巨大なプレイヤーベースをかかえ、かつ週次アップデートを続けている『フォートナイト』との相乗効果により、『フォートナイト』だけでなくKamuのサービスを利用する他デベロッパーにも恩恵が行きわたることだろう。この点、kamuのCEO Simon Allaeys氏も、Epic Gamesグループの一員になることは「開発者たちが優れたゲーム体験を構築できるよう手助けをするという、私たちのミッションを推し進める」上でも有益であるとコメントしている。

最近の事例としては今年8月に早期アクセス入りした『SCUM』でも採用されている

『フォートナイト』はチート被害とは別途、マルウェア配布・フィッシング詐欺の拡散材料として使われることも多い。最近では、『フォートナイト』の無料チートツールと称したマルウェアをダウンロードさせる手口が出回っていると、マルウェア発見・除去ツール販売元のMalwarebytesが報告している。こうしたゲーム外での被害については、ユーザー自身である程度身を守れるよう、個人での対応が必要となってくる。なお『フォートナイト』ではアカウントの2段階認証有効化をゲーム内で積極的に推奨している(ロード画面での注意書き、2段階認証有効化にともなう報酬)。

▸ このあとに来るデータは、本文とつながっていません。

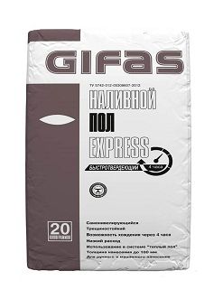 Наливной пол гипсовый Gifas Express сухая смесь на основе комплексного вяжущего с минеральными наполнителями и модифицирующими добавками. Применяется для выравнивания цементных и несущих оснований пола и изготовления высококачественной самонивелирующейся стяжки внутри жилых и общественных зданий. Образует прочное и ровное основание под последующую укладку паркета, линолеума, текстильных ковров, керамической плитки и других материалов. Идеально подходит для устройства обогреваемых полов.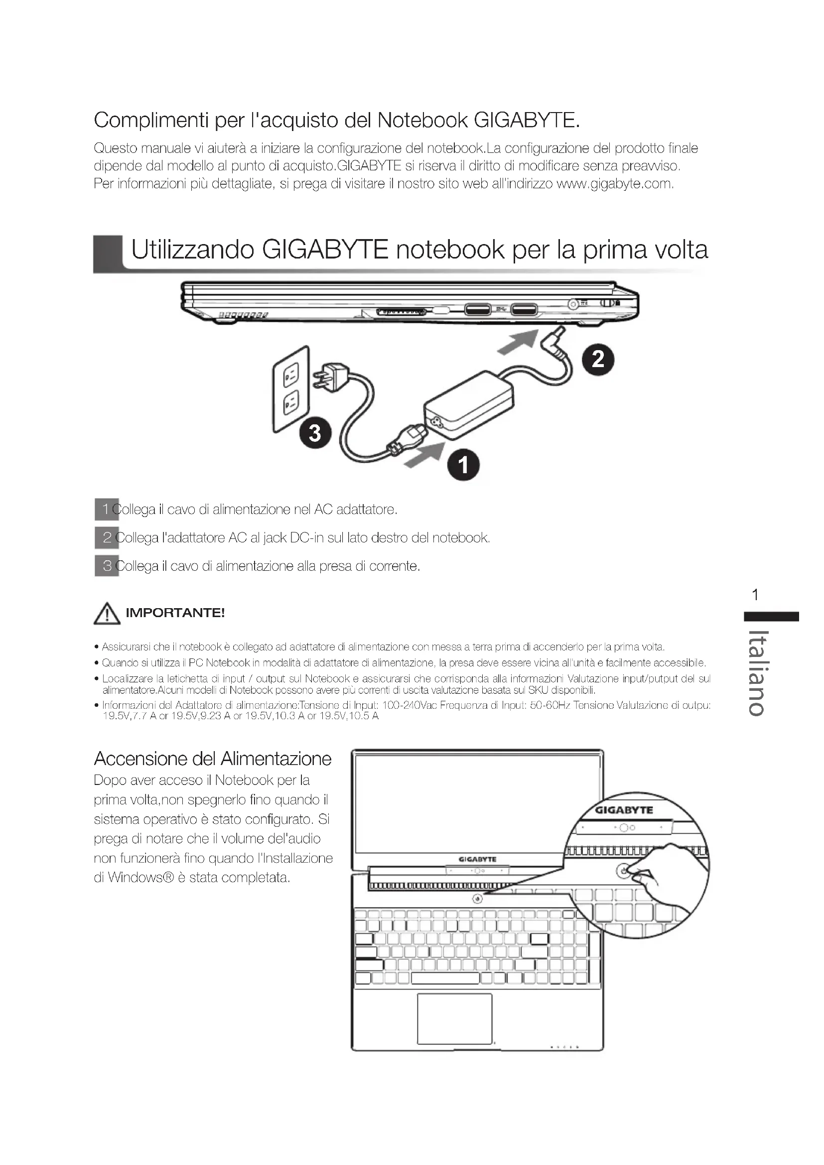 Complimenti per l'acquisto del Notebook GIGABYTE. Questo manuale vi aiuterà a iniziare la configurazione del notebook.La configurazione del prodotto finale dipende dal modello al punto di acquisto.GIGABYTE si riserva il diritto di modificare senza preavviso. Per informazioni più dettagliate, si prega di visitare il nostro sito web all'indirizzo www.gigabyte.com.1 Collega il cavo di alimentazione nel AC adattatore.2 Collega l'adattatore AC al jack DC-in sul lato destro del notebook.3 Collega il cavo di alimentazione alla presa di corrente. Accensione del Alimentazione Dopo aver acceso il Notebook per la prima volta,non spegnerlo fino quando il sistema operativo è stato configurato. Si prega di notare che il volume del'audio non funzionerà fino quando l'Installazione di Windows® è stata completata. Utilizzando GIGABYTE notebook per la prima volta IMPORTANTE!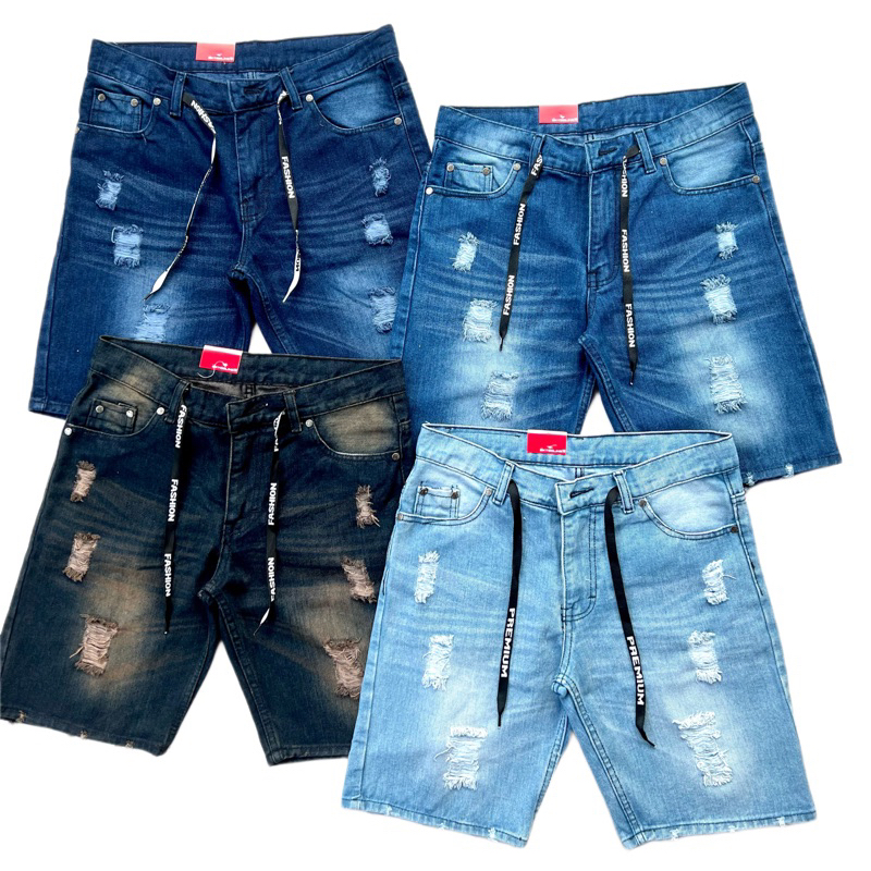 [PROMO] CELANA JEANS PENDEK SOBEK PRIA WISKER JEANS PENDEK RIPPED ROBEK PRIA PREMIUM DISTRO NEW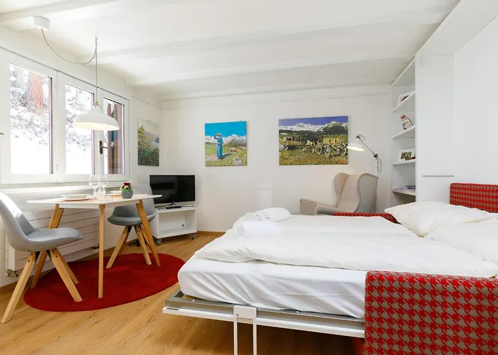 ズルレイ市内中心部から徒歩5分の場所に位置するApartment Residenza Chesa Margun 710-5 By Interhomeアパ-トメントは,近くの専用駐車場を提供しています. 冷蔵庫,オ-ブン と台所用品付きのキチネットが備わるアパ-トメントです.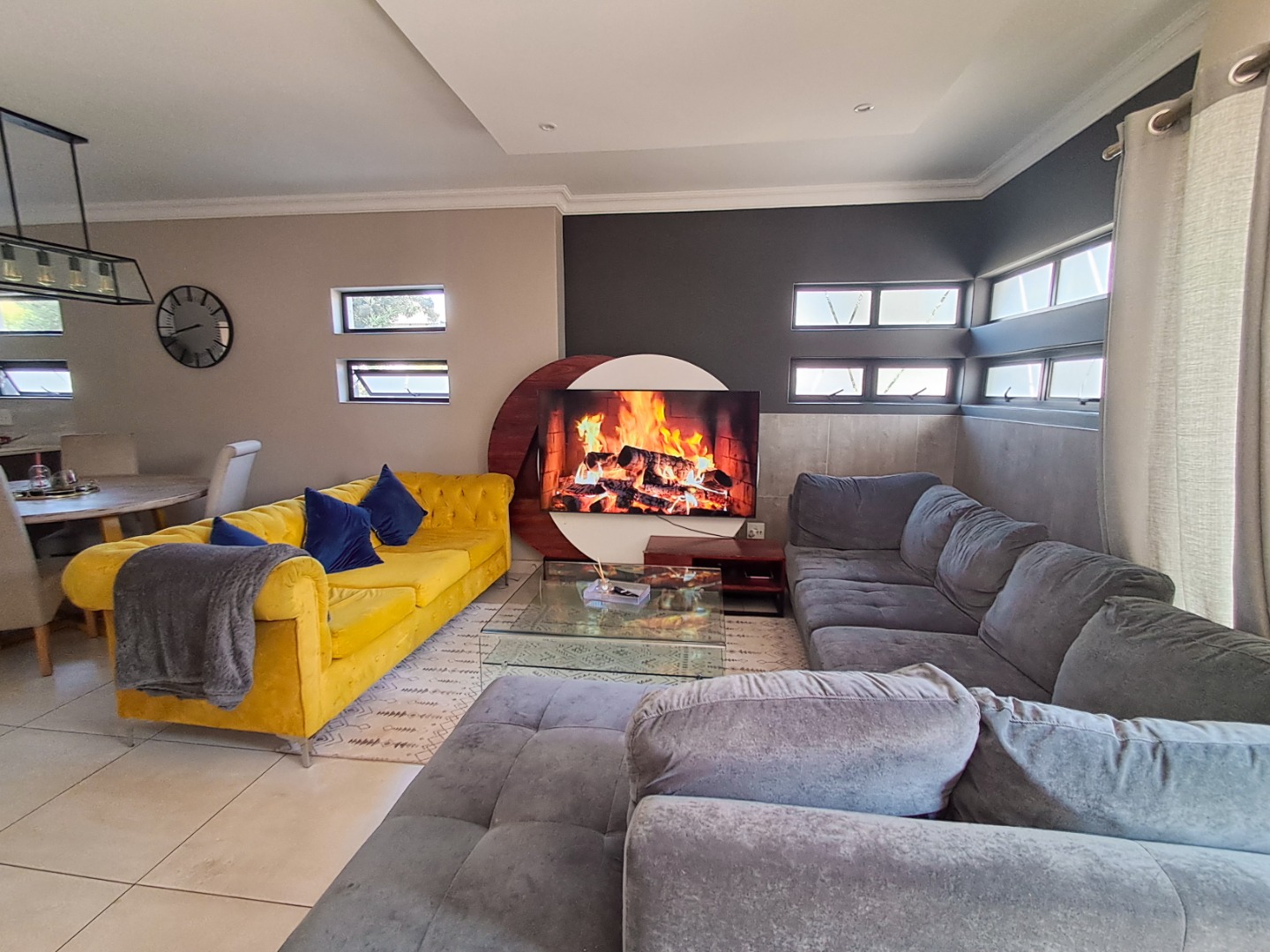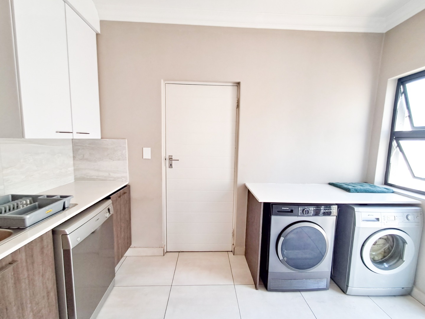 Discover modern living in this stylish 3-bedroom, 3-bathroom residence available for rent within a secure estate in Equestria, Pretoria. Spanning 182 square metres, this contemporary two-story home offers a well-designed layout perfect for comfortable family life or professional couples. The heart of the home features an open-plan living and dining area, complemented by a sleek, modern kitchen. This culinary space boasts two-tone cabinetry, white countertops.

バトルロイヤルゲーム『PLAYERUNKNOWN’S BATTLEGROUNDS』でもチート対策は最重要課題のひとつとして挙げられており、10月頭には累計1300万人以上のユーザーがBAN済みであると報告されている(関連記事)。現在でもチートプログラムの検出およびブロック、法的措置、ハードウェアBANなどの取り組みが進行中である。チート対策は、バトルロイヤルゲームに限らずオンライン・マルチプレイゲームでは避けては通れない道。長期運営を想定したタイトルであれば尚更であり、その代表格となった『フォートナイト』を有するEpic Gamesが、『Counter-Strike 1.6』時代からノウハウを積み重ねてきたKamuを配下に置くことで、ゲーム体験の向上につながることを期待したい。